*** Provided data ***
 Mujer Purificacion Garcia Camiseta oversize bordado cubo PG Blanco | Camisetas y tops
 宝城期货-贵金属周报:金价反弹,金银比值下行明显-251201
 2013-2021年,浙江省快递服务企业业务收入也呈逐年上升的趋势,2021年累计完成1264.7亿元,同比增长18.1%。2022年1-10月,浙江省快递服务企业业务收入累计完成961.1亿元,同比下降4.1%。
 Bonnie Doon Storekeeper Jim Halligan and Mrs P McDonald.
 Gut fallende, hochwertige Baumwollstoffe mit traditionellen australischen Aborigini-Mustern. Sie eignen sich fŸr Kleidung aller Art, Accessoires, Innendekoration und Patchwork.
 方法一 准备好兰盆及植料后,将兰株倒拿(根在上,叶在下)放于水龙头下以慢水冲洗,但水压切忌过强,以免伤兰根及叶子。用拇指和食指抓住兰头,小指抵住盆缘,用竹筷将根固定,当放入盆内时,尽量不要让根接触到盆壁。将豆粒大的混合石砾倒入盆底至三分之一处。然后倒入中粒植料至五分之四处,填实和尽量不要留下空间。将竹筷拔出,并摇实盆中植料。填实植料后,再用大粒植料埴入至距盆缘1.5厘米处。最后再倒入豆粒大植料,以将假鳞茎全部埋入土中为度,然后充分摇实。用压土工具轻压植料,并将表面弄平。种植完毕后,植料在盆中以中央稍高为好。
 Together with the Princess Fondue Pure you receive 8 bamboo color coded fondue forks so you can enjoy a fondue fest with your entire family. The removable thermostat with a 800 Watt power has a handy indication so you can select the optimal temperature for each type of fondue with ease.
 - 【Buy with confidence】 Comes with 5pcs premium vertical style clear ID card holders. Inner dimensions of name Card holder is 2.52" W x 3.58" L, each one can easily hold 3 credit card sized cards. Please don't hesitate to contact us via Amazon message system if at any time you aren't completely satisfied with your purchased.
*** End of Provided data ***
## Activity
Nothing but the lines from the one containing "方法一 准备好兰盆及植料后,将兰株倒拿(根在上,叶在下)" through the end of the entries belongs in the answer; repeat them exactly.

## Reply
 方法一 准备好兰盆及植料后,将兰株倒拿(根在上,叶在下)放于水龙头下以慢水冲洗,但水压切忌过强,以免伤兰根及叶子。用拇指和食指抓住兰头,小指抵住盆缘,用竹筷将根固定,当放入盆内时,尽量不要让根接触到盆壁。将豆粒大的混合石砾倒入盆底至三分之一处。然后倒入中粒植料至五分之四处,填实和尽量不要留下空间。将竹筷拔出,并摇实盆中植料。填实植料后,再用大粒植料埴入至距盆缘1.5厘米处。最后再倒入豆粒大植料,以将假鳞茎全部埋入土中为度,然后充分摇实。用压土工具轻压植料,并将表面弄平。种植完毕后,植料在盆中以中央稍高为好。
 Together with the Princess Fondue Pure you receive 8 bamboo color coded fondue forks so you can enjoy a fondue fest with your entire family. The removable thermostat with a 800 Watt power has a handy indication so you can select the optimal temperature for each type of fondue with ease.
 - 【Buy with confidence】 Comes with 5pcs premium vertical style clear ID card holders. Inner dimensions of name Card holder is 2.52" W x 3.58" L, each one can easily hold 3 credit card sized cards. Please don't hesitate to contact us via Amazon message system if at any time you aren't completely satisfied with your purchased.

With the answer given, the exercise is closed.